# Ludwigia repens melt in NPT bowl



## chrislewistx (Jun 8, 2012)

I planted a 1 gallon canister per an article written by Diane Walstad titled "Small planted tanks for shrimp". http://www.bookmasters.com/marktplc/00388Shrimp.pdf

It has been running for about three weeks, and I have had no issues so far. This morning I noticed the shrimp, and snails at the very top of the tank. I had read this can be a sign of low oxygen in the tank, and was due for a water change anyway. I went ahead and did a water change before leaving for work. I was in a hurry and disturbed the substrate when refilling the canister. When I got home I noticed what I thought was mulm that had settled on my Ludwigia Repens. Upon closer inspection the leaves are turning clear and melting. Does anyone have any idea what may have happened. Also, 3 days ago I changed to an Ikea LED light. Previously I had been using 1 13 watt spiral CFL over three such jars. Now I have 1 each Ikea LED per jar.

The other plants, snails, and shrimp all seem fine.

Tank Specs:
1 gallon jar
1" MTS
1.5" Saf-T-Sorb
Cabomba
Creeping Jenny
Unidentified Anubias
L. Repens
chain sword
unknown floaters and floating riccia
4 or so ramshorn snails
2 cherry shrimp


----------



## Seattle_Aquarist (Mar 7, 2008)

Hi chrislewistx,

It sound like you ran out of available nitrogen to the plants. MG Organic Choice Potting Mix does have some time-release fertilizer but that is quite a few plants in the 1 gallon container. Also, my experience has been that the faster growing plants will show the nutrient deficiency first; and L. repens is a fast grower.


----------



## Michael (Jul 20, 2010)

I will very respectfully disagree with Roy on this one. It would be quite surprising for a 1.5" layer of soil to become exhausted in so short a time. Plus nutrients (especially nitrogen) are being added all the time when you feed.

I don't know for sure what is happening to the ludwigia. But 1.5" is a pretty deep soil layer for a 1 gal container, and it could be anaerobic if the chain sword roots haven't penetrated it yet. Also, it is extremely easy to overfeed with small aquaria--I wiped out a previously thriving shrimp colony that way. I suspect that the animals hanging at the surface was due to one of those factors, and is unrelated to the ludwigia decline.

The ludwigia may still be adjusting to the new environment. Or it may be that for unknown reasons, that species is not going to thrive in that particular tank. If the other plants and animals continue to do well, you might just accept the loss of the ludwigia in this case.

You can always get some more from me, lol.


----------



## chrislewistx (Jun 8, 2012)

Thanks for the responses guys. We will see what happens over the course of time.
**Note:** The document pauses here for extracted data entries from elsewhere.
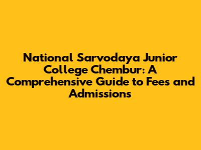 National Sarvodaya Junior College Chembur: Fees & Admission Guide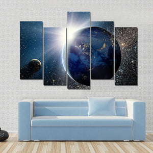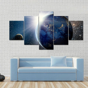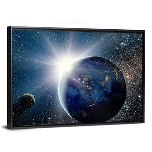 This canvas art beautifully depicts Earth against a starry backdrop, featuring the moon and a vibrant sunburst. The cosmic scene, illuminated by glowing city lights, creates a serene and awe-inspiring atmosphere.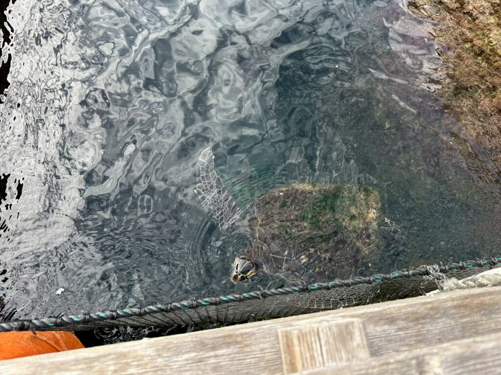 怪我してたカメを助けてあげたんだとか。治ったら海へ。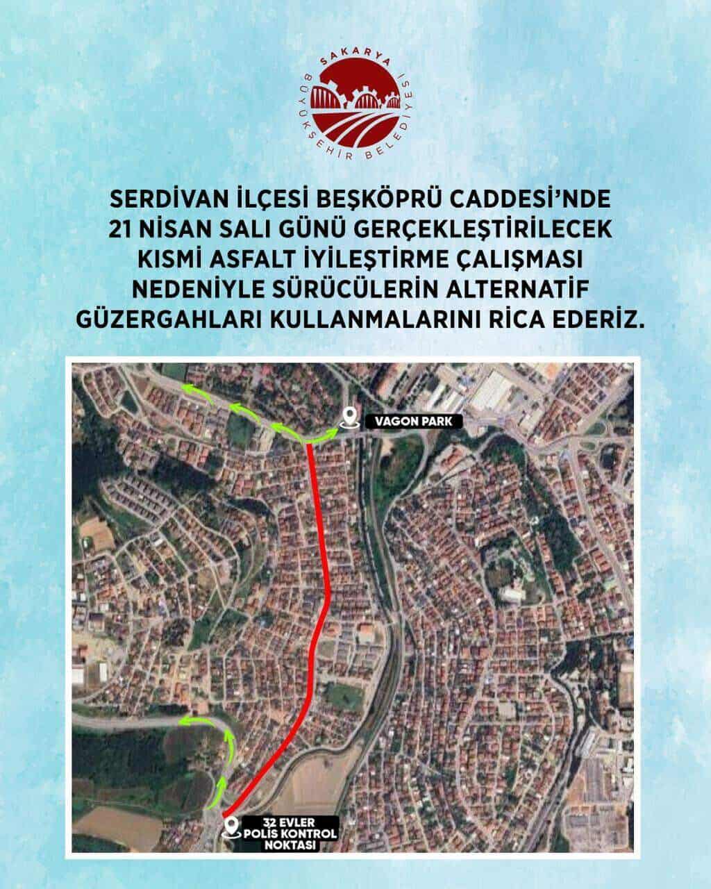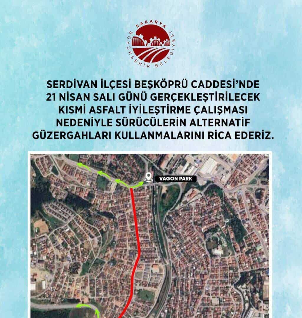 Sakarya Büyükşehir Belediyesi, Serdivan Beşköprü Caddesi üzerinde 21 Nisan Salı günü kapsamlı asfalt iyileştirme çalışması yapılacağını duyurdu. Tüm gün sürecek olan çalışmalar nedeniyle güzergah trafik akışı açısından etkilenecek.
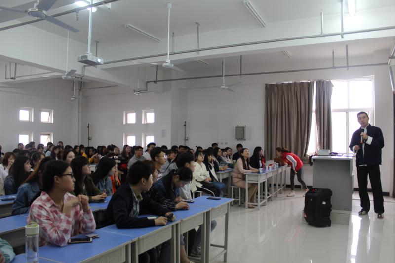 5月9日下午4:00,团委在综合楼715合班教室举办了“传承中华文化,共图民族复兴”优秀传统文化进校园宣讲活动。参加此次活动的有咸阳博物院宣教部主任史一媛,陕西艾茉文化传媒有限公司总经理、咸阳博物院传统文化活动策划顾问蔡晓,我院传统文化教研室主任王娟,以及“仪韵”大学生礼仪队、古韵国学社、子衿汉服社和对传统文化感兴趣的同学,共计100余人。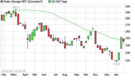 Mit dem Rücksetzer auf 239,20 EUR hat die Public Storage-Aktie am 23.01.2026 die 200-Tage-Linie nach unten gekreuzt.Die Public Storage-Aktie befand sich seit dem 22.01.2026 im langfristigen ...weiterlesen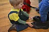 In Santa’s dressing room Colm was hard to get out of Santa’s boots and Sophia struggled to keep Santa’s pants up even when Lila tried to help her put Santa’s belt on. None of them were daring enough to see how many would fit in Santa’s pants or his jacket. Lila, however, did try his hat on, but quickly found it sliding down over her eyes.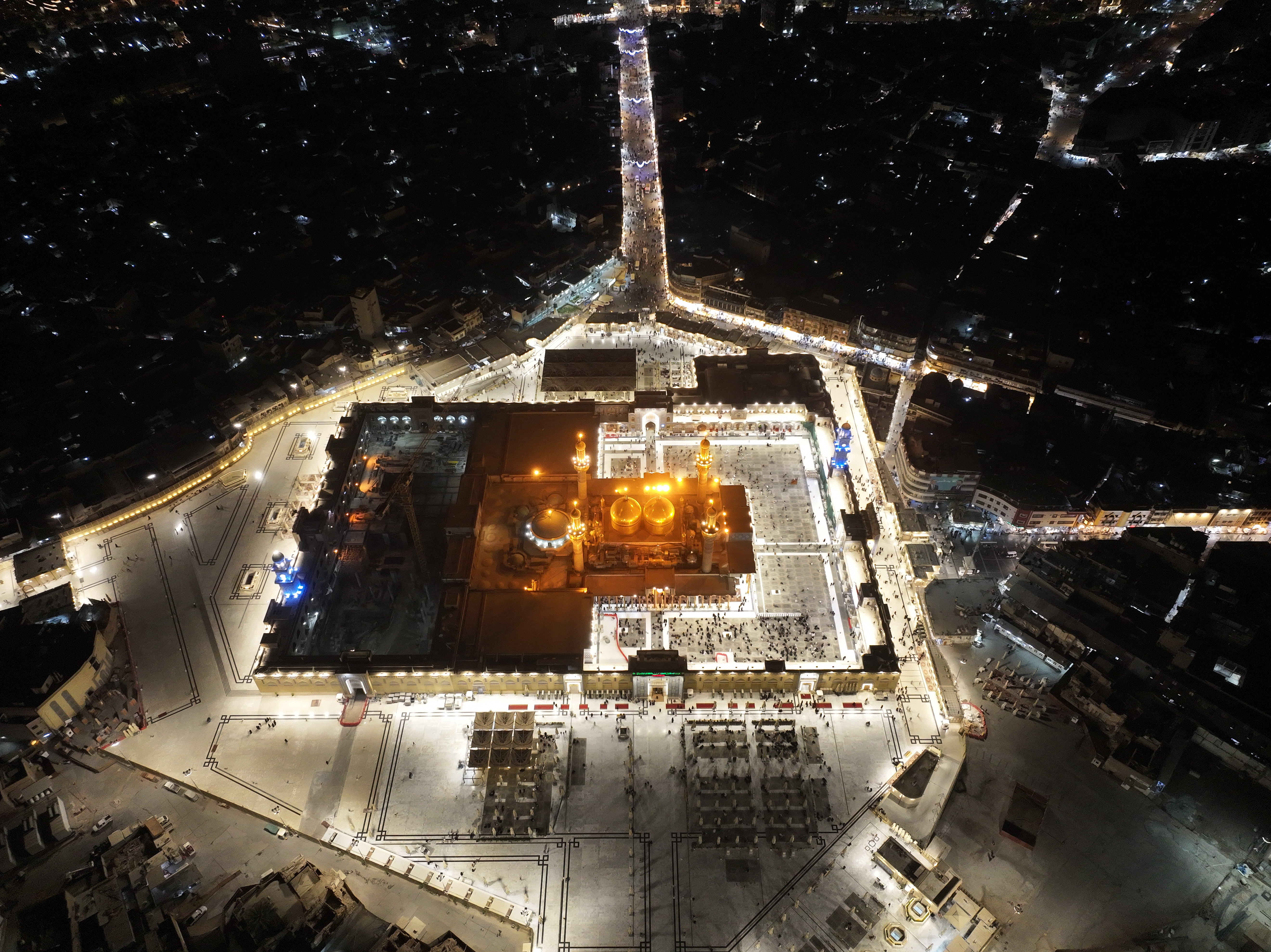 صورة جوية ليلية للعتبة الكاظمية المقدسة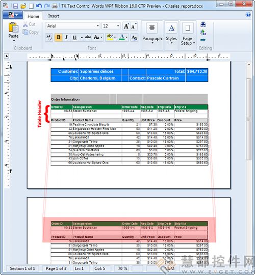 表可以用于展示报告中大量的数据,表上任何一页的最大长度,只能是该页面的最大长度(减去页边距,页眉和页脚),每次分页时就需要分表。有了TX Text Control .NET v16.0后,分页时表中的任何一行都可以被自动添加到每个表上,这确保了每一页表无论多长都有表头。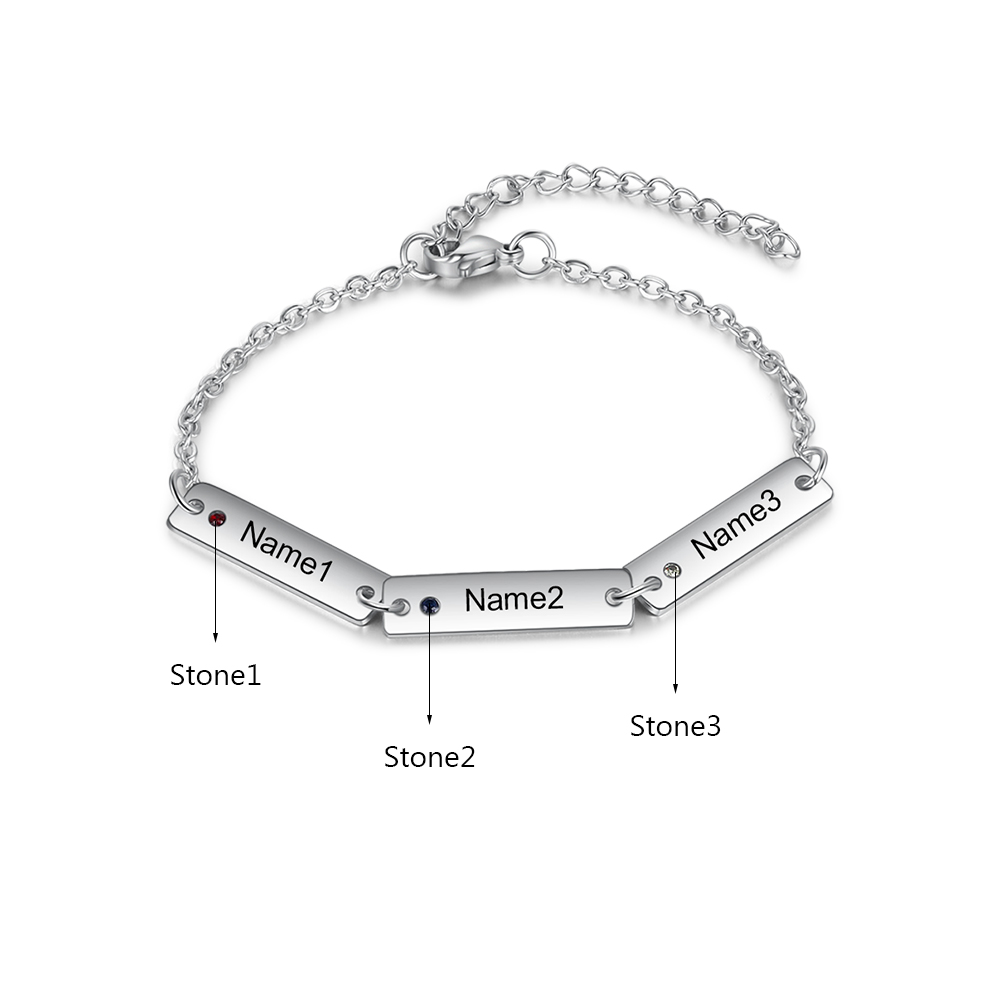 Personalized Bar Bracelet With 3 Birthstones Engraved Names Bracelet Gift For Women

I only feed every two or three days since there are only a few Ramshorn snails and 2 cherry shrimp. 

I did go back and actually measure the substrate instead of going off memory. There are two inches total. From looking at the layers through the glass there is 1" of MTS and 1" of SafTSorb. For future record, how deep of each substrate component would you use for a small container? Also, how deep would you make the substrate for say a 20 gallon tank?

This weekend I added some Hygrophila Polysperma Sunset to see what would happen to it. I haven't seen the snails and shrimp sitting at the top of the water column anymore either. 

I am really interested to see if this IKEA LED light will continue to grow the plants. I have seen no noticeable decline in growth or color since changing over to the LED fixture. Also, the visual light from it is actually brighter and makes viewing the container better for me. 

Thanks for your help.


----------